::: Materials provided :::

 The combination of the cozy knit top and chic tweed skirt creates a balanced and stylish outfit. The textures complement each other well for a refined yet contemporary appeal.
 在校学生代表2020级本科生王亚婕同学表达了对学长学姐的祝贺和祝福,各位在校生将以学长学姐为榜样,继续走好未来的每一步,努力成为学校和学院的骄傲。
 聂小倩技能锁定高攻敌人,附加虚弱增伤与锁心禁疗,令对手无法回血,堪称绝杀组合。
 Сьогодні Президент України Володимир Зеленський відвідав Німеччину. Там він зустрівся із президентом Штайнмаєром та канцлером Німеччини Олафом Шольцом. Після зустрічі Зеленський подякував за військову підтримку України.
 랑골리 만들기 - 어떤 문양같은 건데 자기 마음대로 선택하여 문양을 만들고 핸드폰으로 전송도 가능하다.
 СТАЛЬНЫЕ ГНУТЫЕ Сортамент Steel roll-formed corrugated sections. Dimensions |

:::
::: Materials provided :::

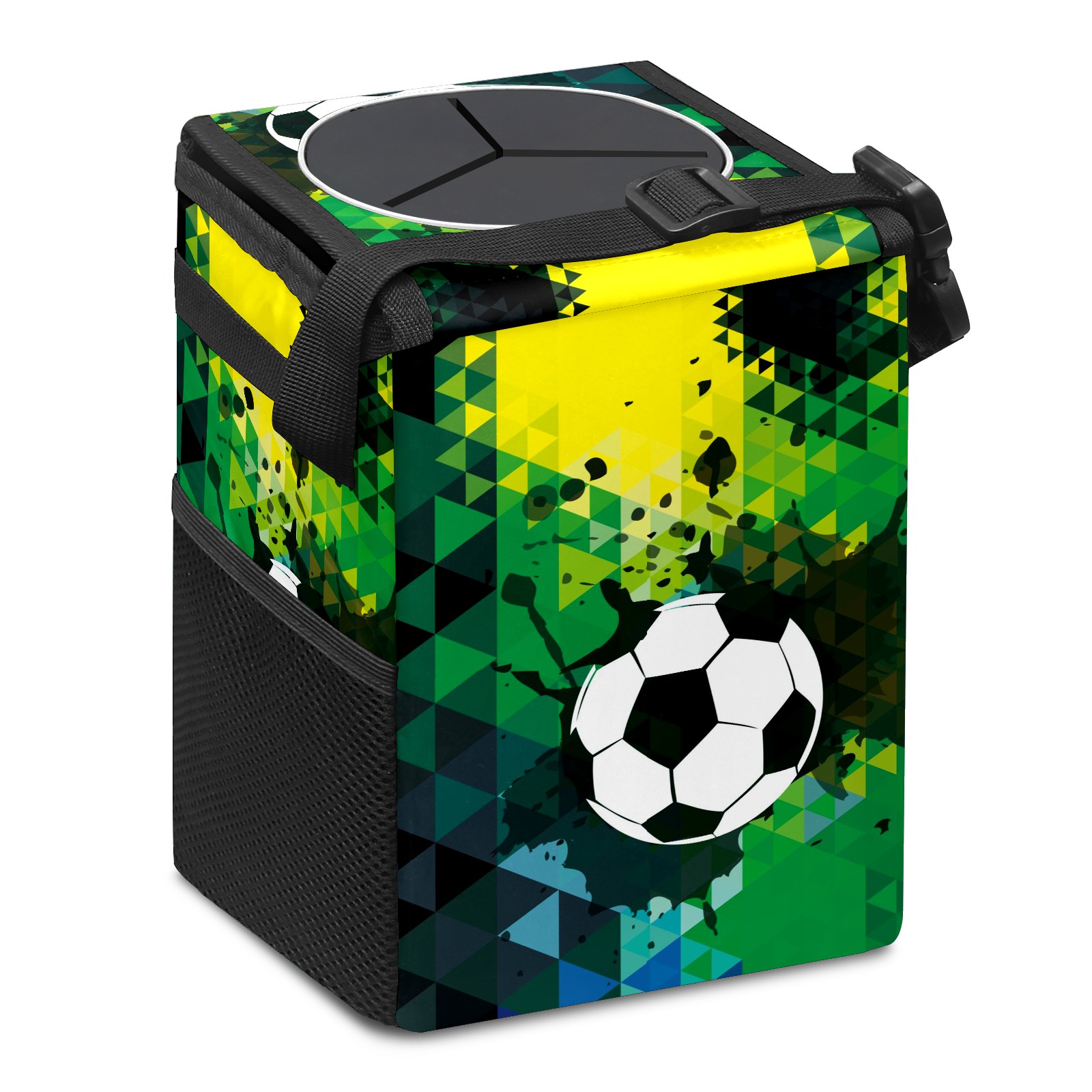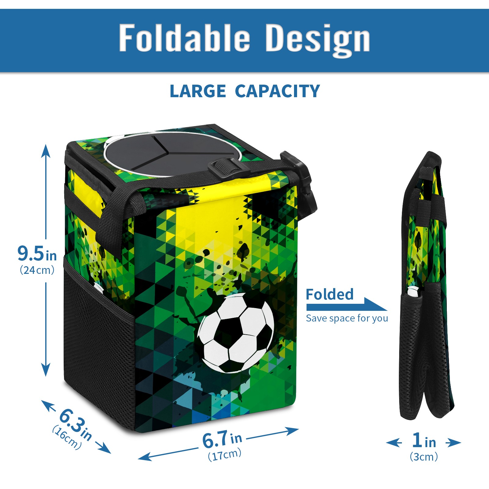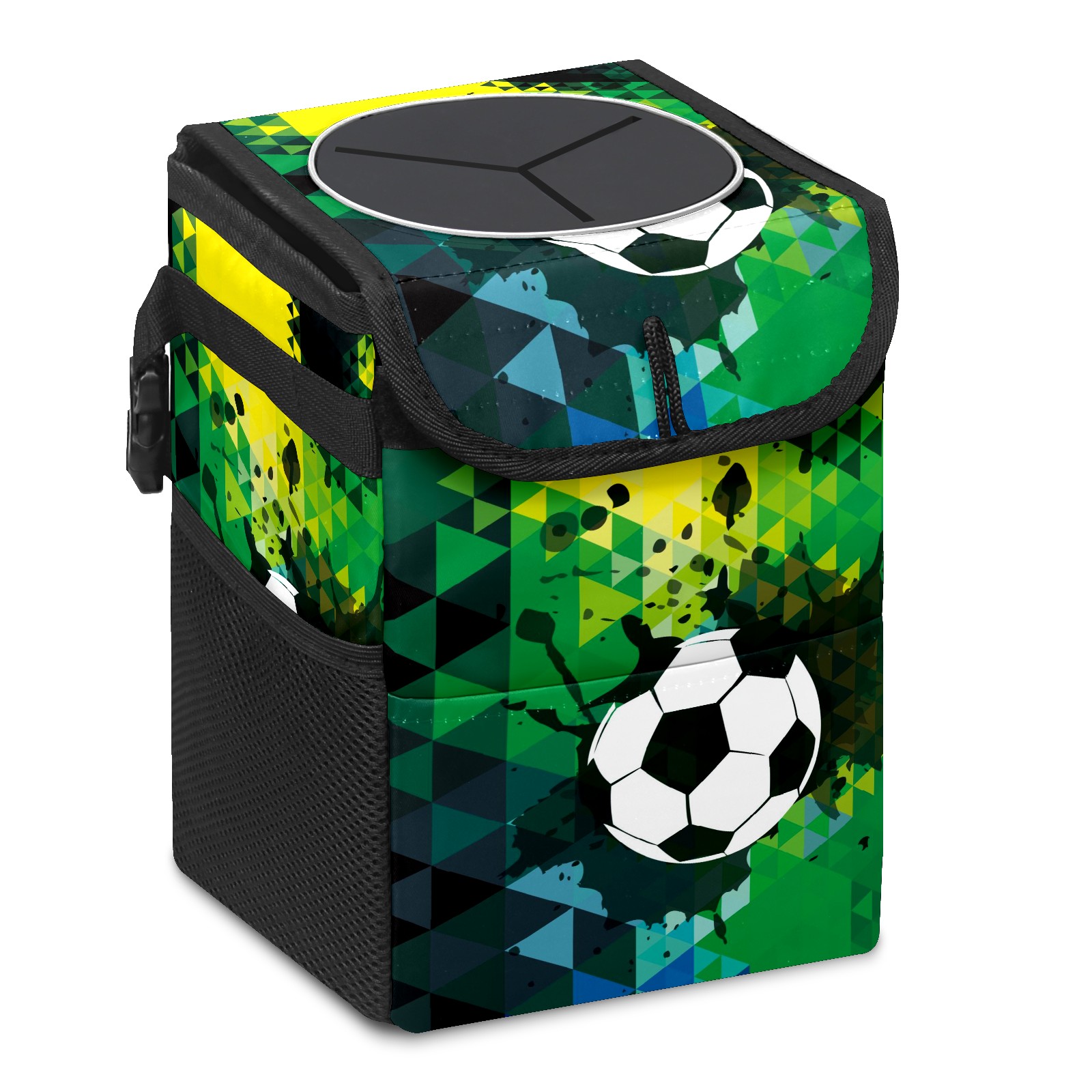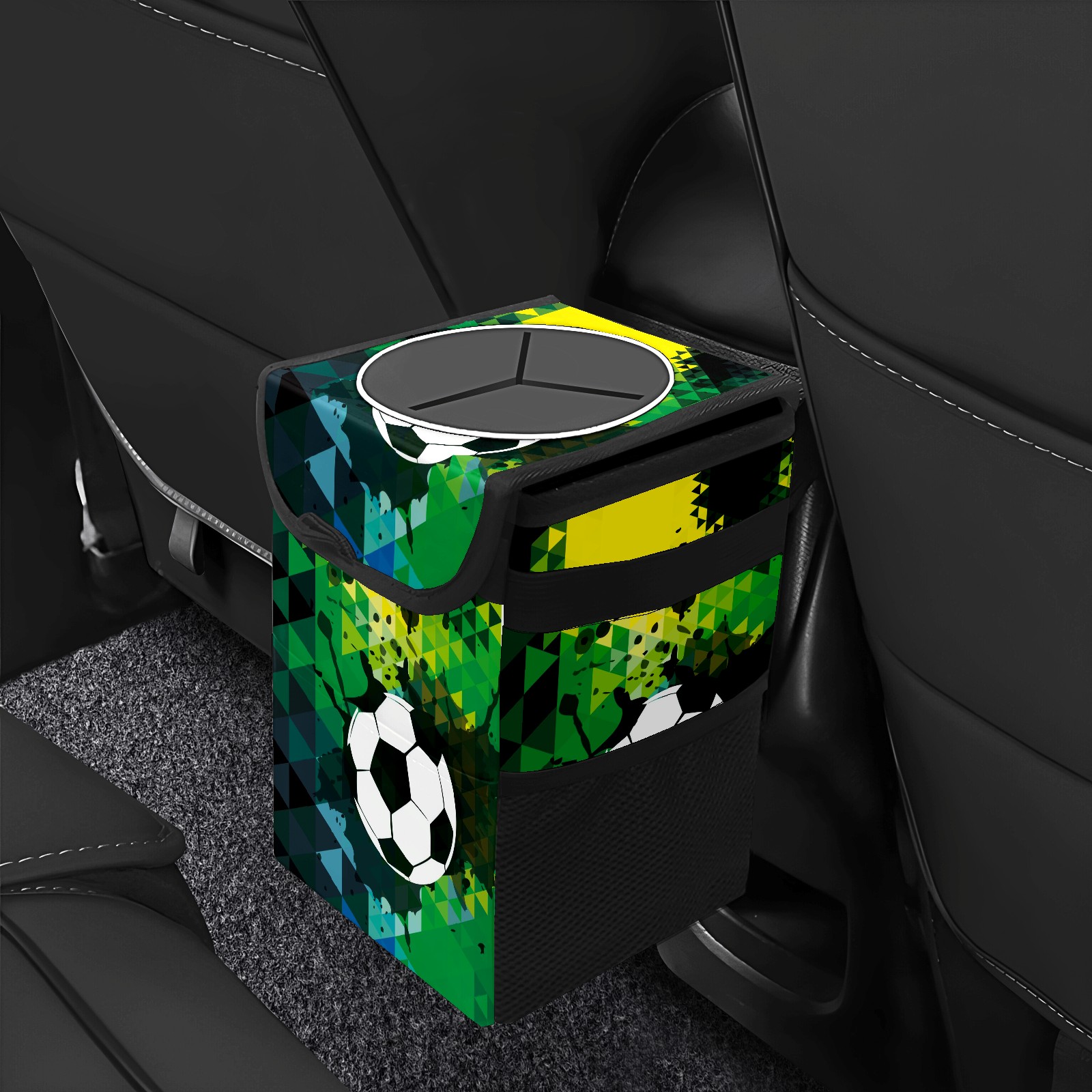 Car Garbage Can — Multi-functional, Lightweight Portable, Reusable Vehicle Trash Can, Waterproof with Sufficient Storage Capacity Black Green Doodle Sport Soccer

:::

* **Goal of the exercise**
What you return must be an exact retyping of the lines above starting at the line with "聂小倩技能锁定高攻敌人,附加虚弱增伤与锁心禁疗,令对手无法回血,堪称绝杀组合。" and ending at the line with "Сьогодні Президент України", and nothing besides.

* **Worked solution**
 聂小倩技能锁定高攻敌人,附加虚弱增伤与锁心禁疗,令对手无法回血,堪称绝杀组合。
 Сьогодні Президент України Володимир Зеленський відвідав Німеччину. Там він зустрівся із президентом Штайнмаєром та канцлером Німеччини Олафом Шольцом. Після зустрічі Зеленський подякував за військову підтримку України.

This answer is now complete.